--- START ---

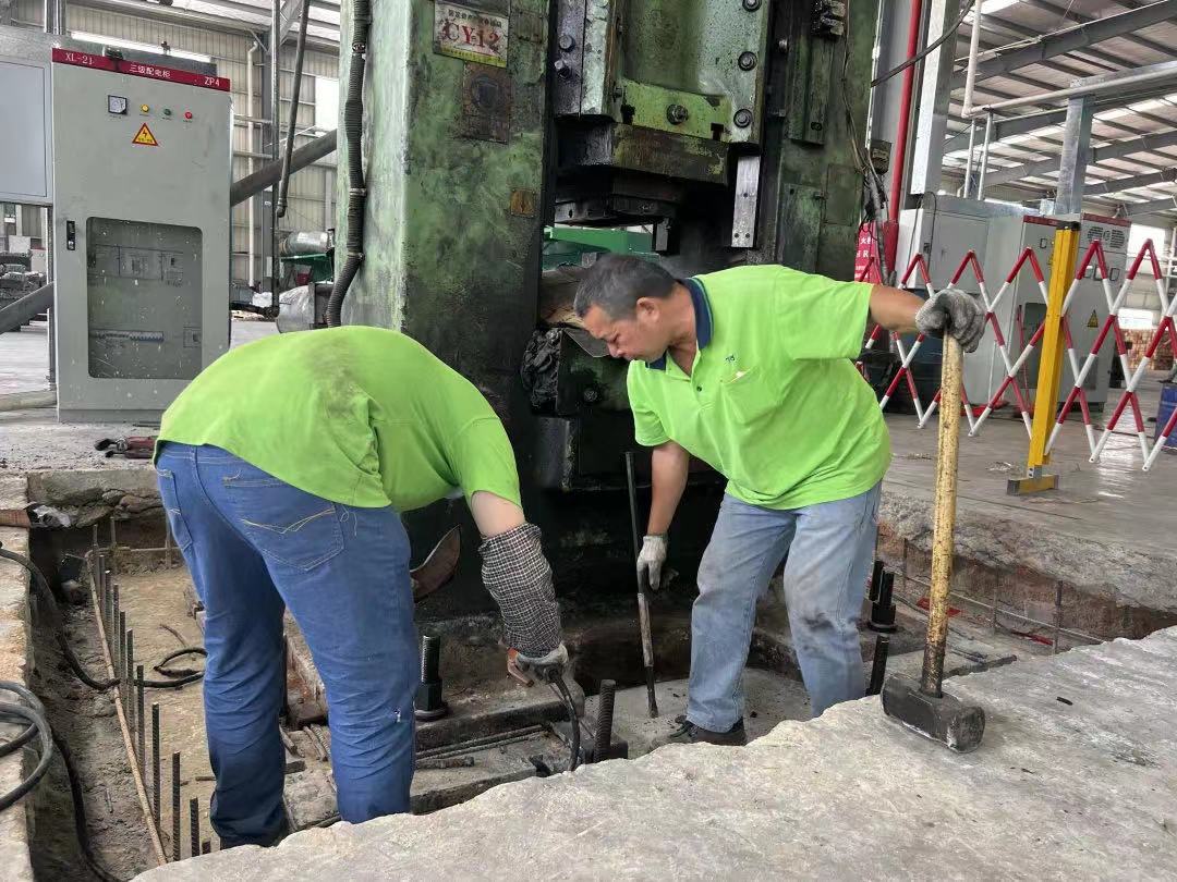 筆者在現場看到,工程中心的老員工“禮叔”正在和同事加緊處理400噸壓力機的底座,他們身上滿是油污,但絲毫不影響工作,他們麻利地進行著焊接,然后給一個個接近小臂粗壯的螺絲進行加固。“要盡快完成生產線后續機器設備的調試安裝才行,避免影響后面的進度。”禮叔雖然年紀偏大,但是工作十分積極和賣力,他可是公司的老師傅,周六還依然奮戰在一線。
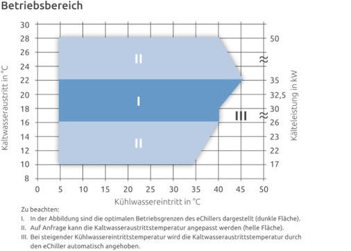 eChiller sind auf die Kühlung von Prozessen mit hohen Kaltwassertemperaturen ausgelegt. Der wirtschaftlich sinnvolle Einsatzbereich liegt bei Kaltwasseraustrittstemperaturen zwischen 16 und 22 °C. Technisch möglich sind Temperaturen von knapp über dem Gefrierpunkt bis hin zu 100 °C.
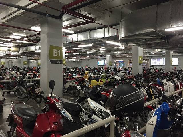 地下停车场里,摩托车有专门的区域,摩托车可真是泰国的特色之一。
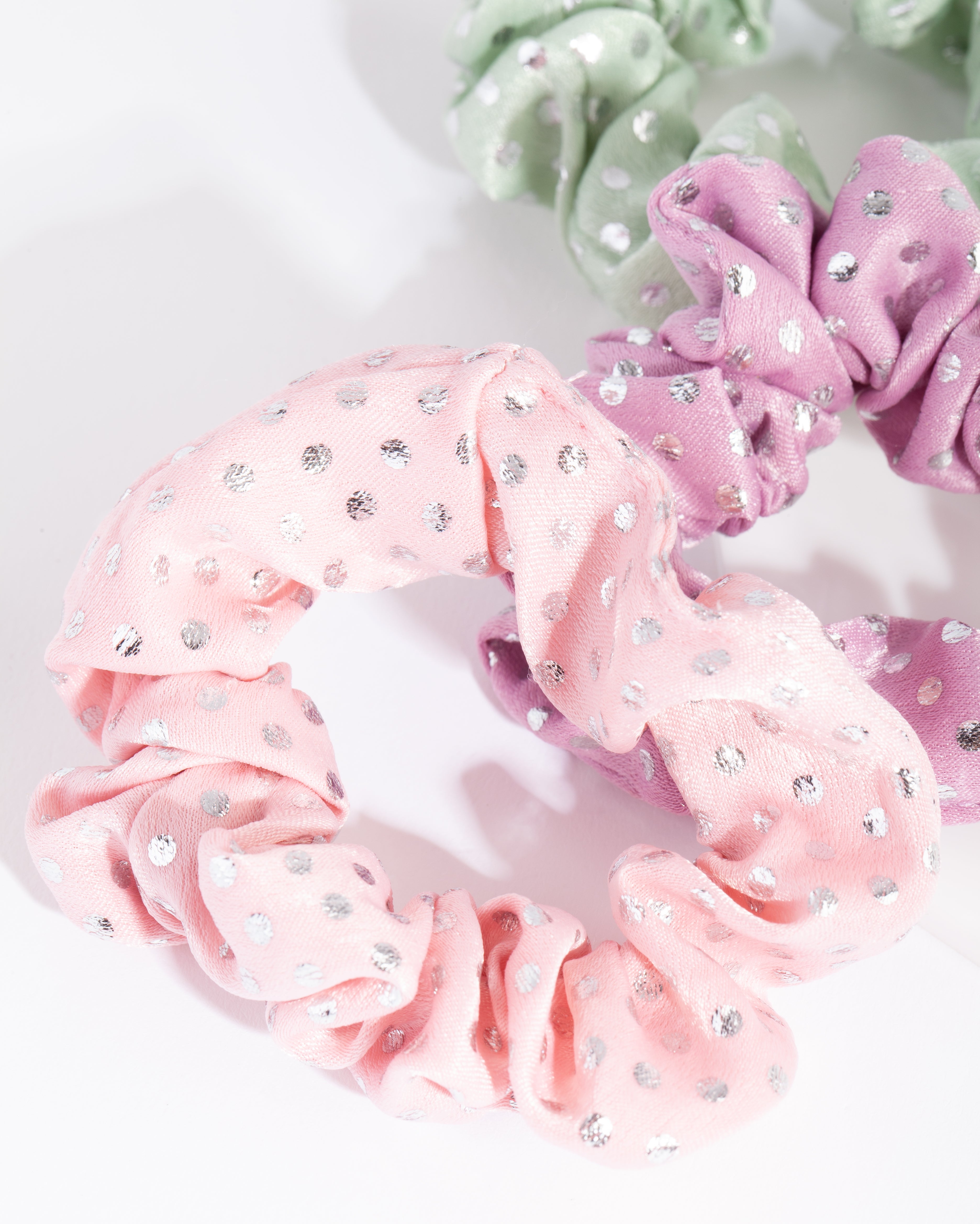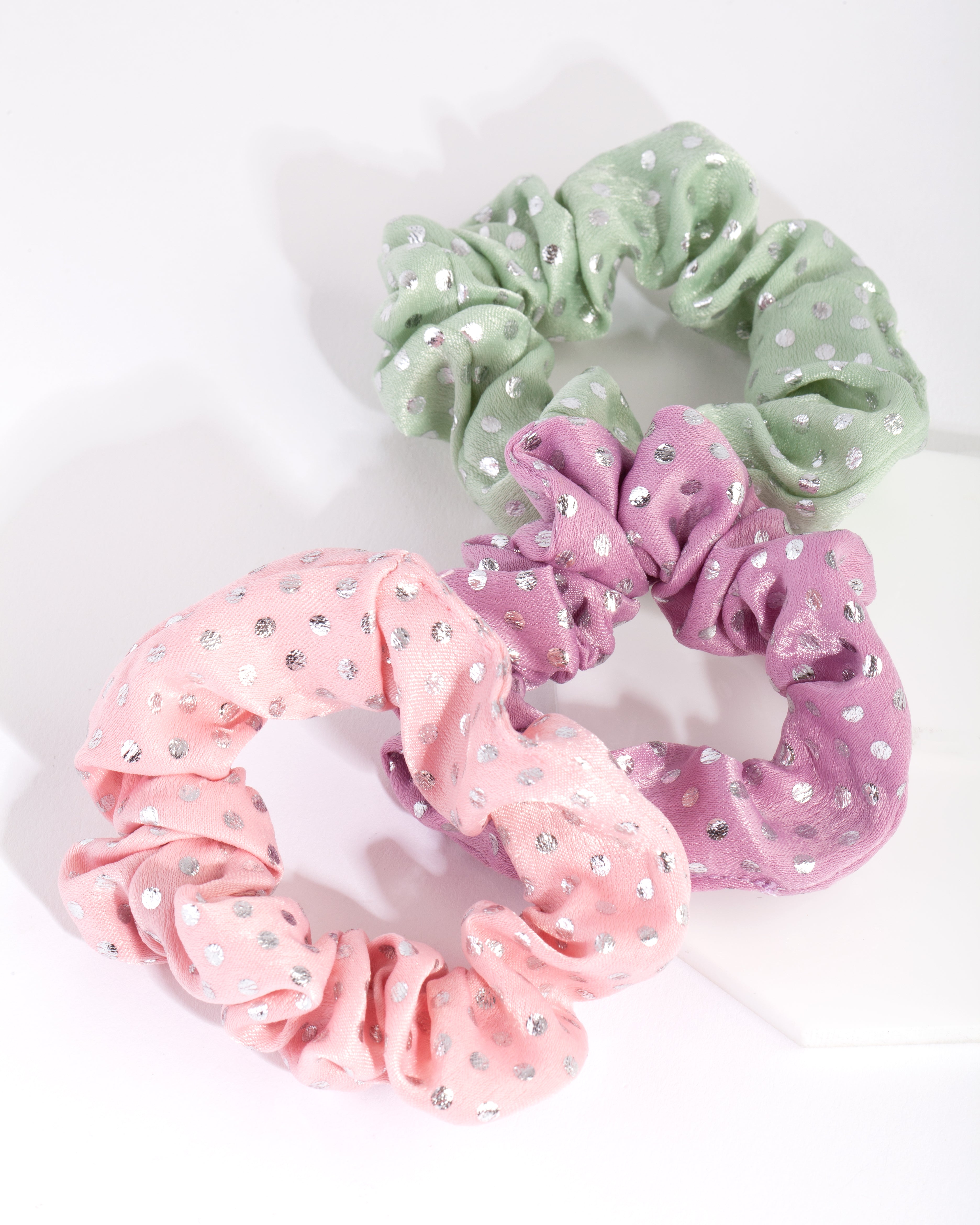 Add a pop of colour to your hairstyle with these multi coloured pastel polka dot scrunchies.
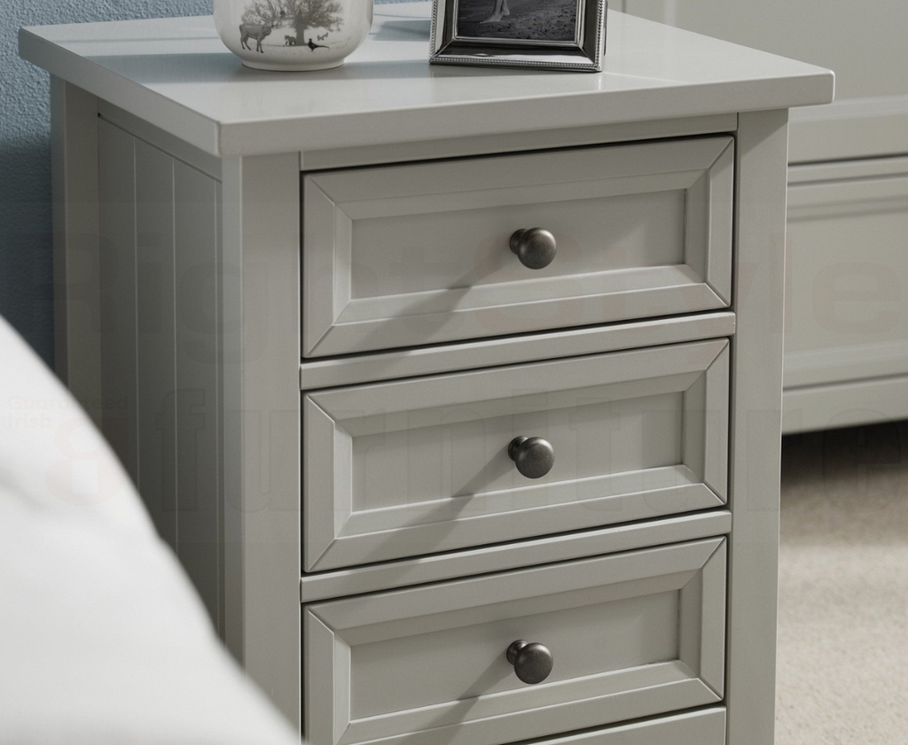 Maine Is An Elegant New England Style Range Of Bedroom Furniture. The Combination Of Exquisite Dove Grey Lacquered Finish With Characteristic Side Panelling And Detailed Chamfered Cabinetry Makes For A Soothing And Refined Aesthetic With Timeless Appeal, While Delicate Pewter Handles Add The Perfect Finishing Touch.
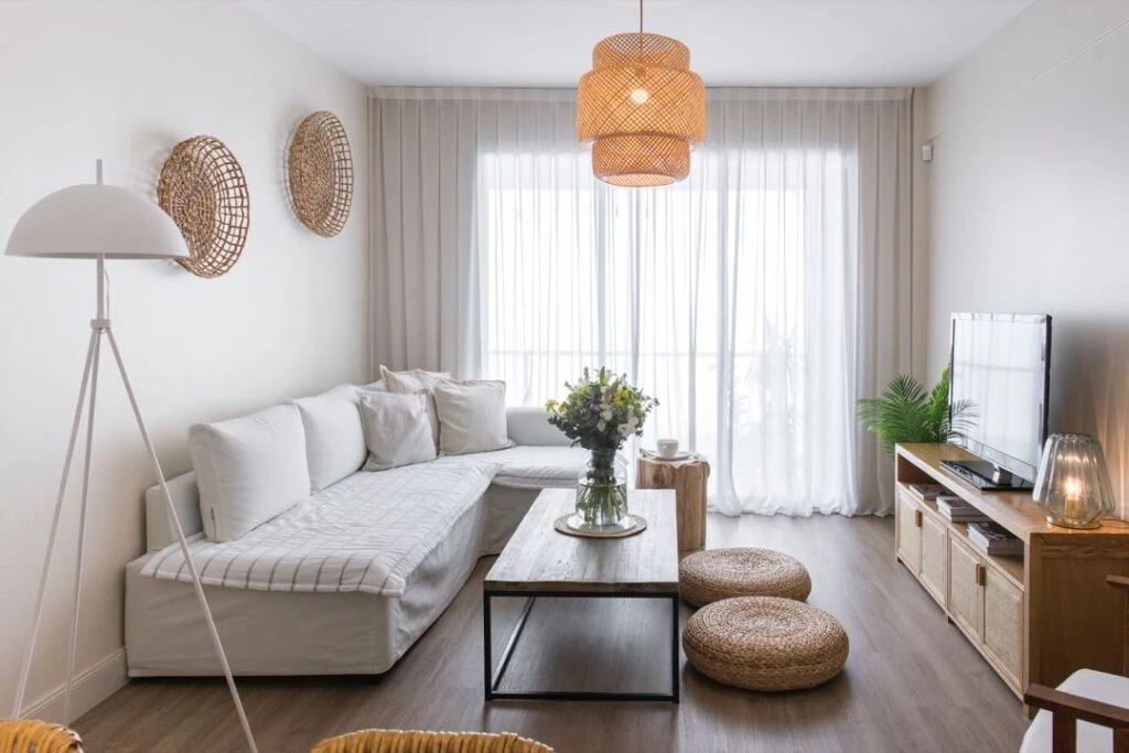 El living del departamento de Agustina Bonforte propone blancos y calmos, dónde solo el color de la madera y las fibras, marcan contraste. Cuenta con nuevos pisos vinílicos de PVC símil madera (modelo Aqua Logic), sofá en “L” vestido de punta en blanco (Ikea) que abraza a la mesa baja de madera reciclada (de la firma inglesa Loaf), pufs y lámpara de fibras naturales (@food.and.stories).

--- END ---

Nothing except the lines from the one containing "Add a pop of" through the one containing "Maine Is An" should appear in the answer, exactly as above and without pictures.

 Add a pop of colour to your hairstyle with these multi coloured pastel polka dot scrunchies.
 Maine Is An Elegant New England Style Range Of Bedroom Furniture. The Combination Of Exquisite Dove Grey Lacquered Finish With Characteristic Side Panelling And Detailed Chamfered Cabinetry Makes For A Soothing And Refined Aesthetic With Timeless Appeal, While Delicate Pewter Handles Add The Perfect Finishing Touch.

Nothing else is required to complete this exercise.